— Ты чего? — задаю я самый мудрый вопрос всех мужчин, которые не понимаю, почему женщины плачут: — чего плачешь?
— Извини меня, Кента-кун — кланяется Томоко: — это из-за меня все… я боялась к тебе подойти после случившегося… тебя так поколотили, а я убежала…
— И правильно сделала. — говорю я: — таки не обращай внимания, это так… мужские разборки с доминацией и прочими играми в альфу. А что поколотили — так видела бы ты другого мальчика…
— Видела. — кивает Томоко: — ты ему здорово морду разукрасил. Где ты так драться научился?
— Тибетские монахи научили. Путь дао и шелкового носка на правой ноге. — поясняю я, видя, как глаза у Томоко немного проясняются.
— Что? Носка?
— Шелкового носка. На левой пятке. — уточняю я: — иначе не сработает.

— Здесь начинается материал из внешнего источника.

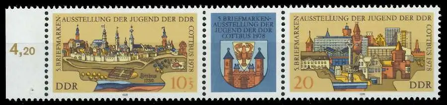 10 + ZF + 20 Ausgabe Briefmarkenausstellung der Jugend in Cottbus Dreierstreifen (MichelNr.: 371, 2343, 4344)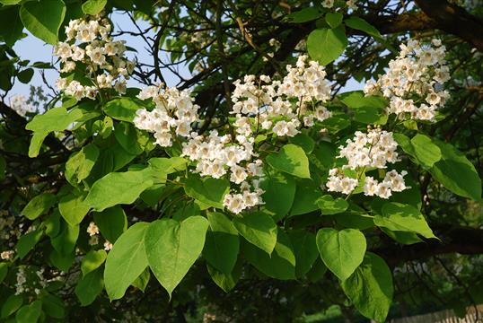 Trompetenbaum (Beamtenbaum) Catalpla bignonioides Pflanze des Monats 8/2013Detailfoto der Blüten am Trompetenbaum (Catalpa bignonioides).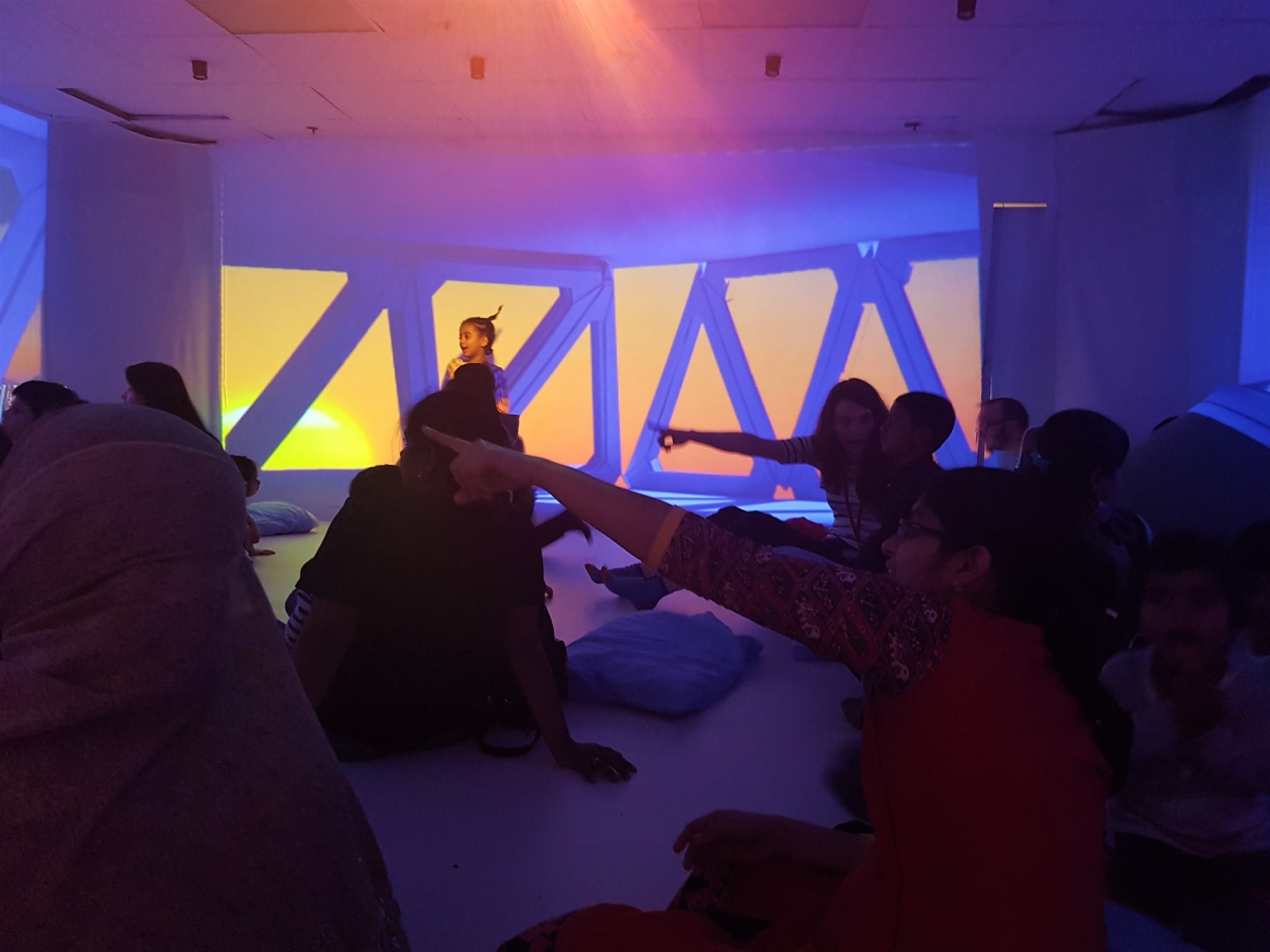 We had our Licketyspit picnic before Matt, the Dream Machine inventor, invited us to experience the Dream Machine – which is a bit like the Magic Ball! The Dream Machine took us all on an adventure around the world, up into space and into the heart of the Sun! This was an amazing end to a great Outreach session!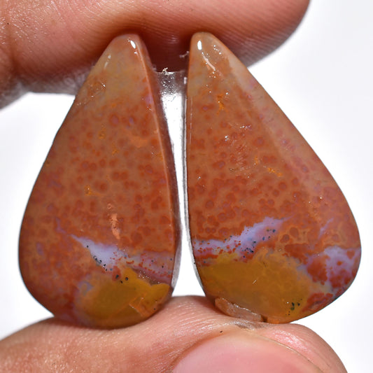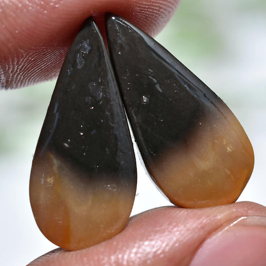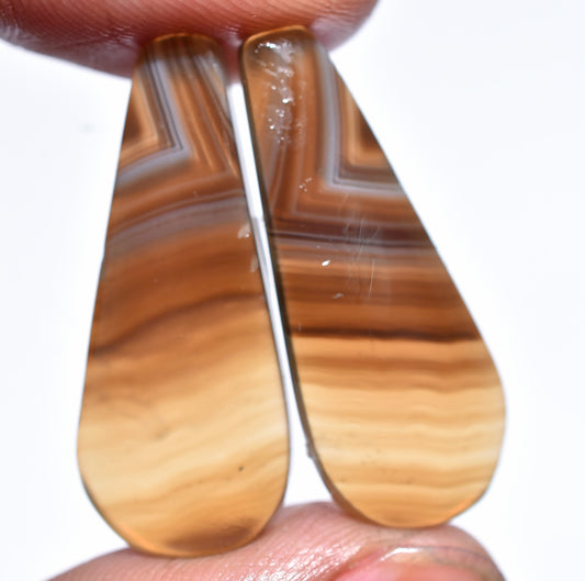 Natural Seam Agate Pair – Smooth Pear & Fancy Shape Cabochons For Earrings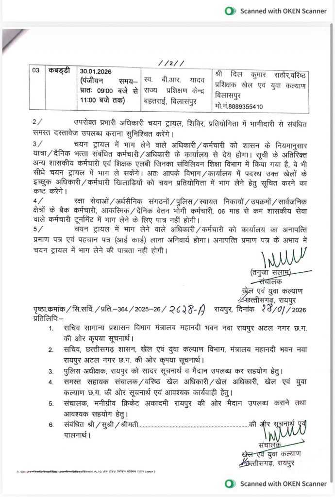 कबड्डी ट्रायल का आयोजन 30 जनवरी 2026 को स्वर्गीय बी.आर. यादव राज्य प्रशिक्षण केंद्र, बहतराई, बिलासपुर में किया जाएगा।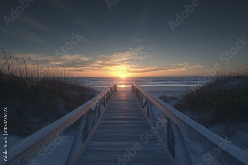 Wooden Walkway Leading to Beach Sunset - Coastal Landscape Photography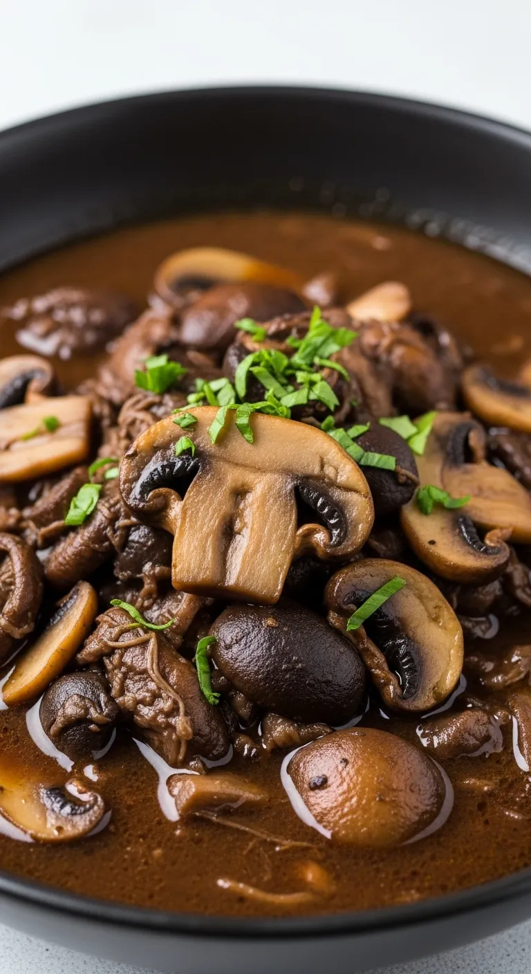 Add chunked carrots and potatoes during the last 30 minutes. The mushrooms absorb the Guinness and beef flavors while adding their own savory notes. This version is especially satisfying on cold nights.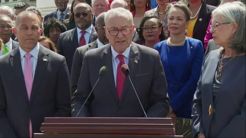 Senate Minority Leader Chuck Schumer, D-N.Y., and dozens of his bicameral colleagues addressed reporters on the Capitol steps Wednesday, blasting President Donald Trump’s first 100 days.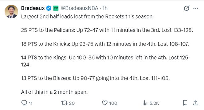休媒曬出過去兩個(gè)月內(nèi),火箭隊(duì)已經(jīng)有四次下半場(chǎng)領(lǐng)先至少13分的情況下被逆轉(zhuǎn)了,最慘烈的一場(chǎng)是下半場(chǎng)領(lǐng)先鵜鶘25分卻被逆轉(zhuǎn)了。這場(chǎng)是領(lǐng)先尼克斯18分被逆轉(zhuǎn)。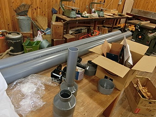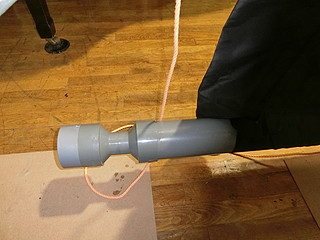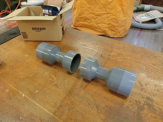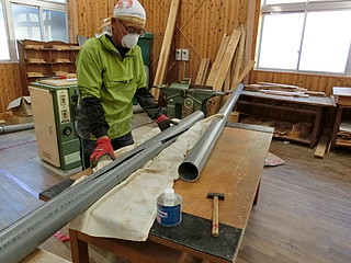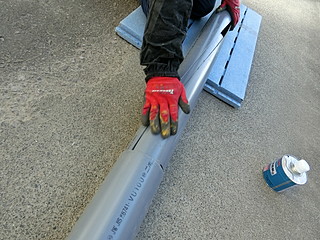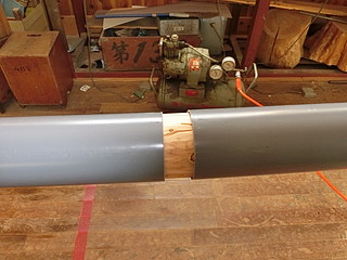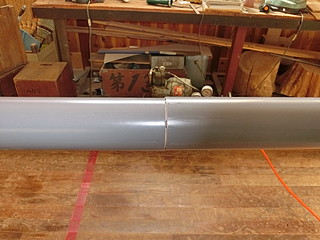 下で巻き付ける「芯」は100mmの塩ビ管にした。4mものなので、真ん中でつなぐ。

— Только что ты говорил, что на правой. — говорит Томоко и легкий намек на улыбку трогает ее губы.
— Да? Значит забыл свои корни. А давай я тебя провожу. — предлагаю я, видя, что девушку в таком состоянии нельзя пускать на самотек. Мало ли куда ее занесет.
— Тебе не трудно? — спрашивает она, но видно, что не хочет оставаться одна: — если не сложно, то давай. Мне… все равно одной… — она не заканчивает фразу и остается только гадать. Одной что? Страшно? Скучно? Далеко идти?
— Ну вот и хорошо. — по сложившейся школьной традиции забираю у нее портфель и мы идем по улице, освещаемой фонарями. Стало довольно рано темнеть, а уроки в школе допоздна, плюс клубная деятельность. Поглядываю в ее сторону. В прошлый раз не успел ее разглядеть, на фотографии, что выслали в классный чат — смотрел в основном… не на лицо. В соответствии с основным инстинктом, который гласит что уж на лицо-то ты успеешь насмотреться. Так что из этой фотографии я успел вынести только то, что для худенькой девушки у нее довольно симпатичные и выдающиеся округлости. А вот лицо у нее… так близко вижу впервые. Довольно миловидная девушка, если лицо не морщит и не жмурится, не сжимается. А уж с улыбкой и вовсе красавица будет. Вообще, кто-то говорил, что некрасивых молодых девушек не бывает, их красит сам факт силы юности, так превозносимой Гай-сенсеем.
— Знаешь, не было этого ничего. — говорит Томоко: — не ходила я ни с кем и никуда, а этот дурак Дзинтаро… и другой дурак, Рюу. Я с ним просто дружила год назад, вот он и попросил сфотаться … так. А когда я с ним рассталась — вот так отомстил мне.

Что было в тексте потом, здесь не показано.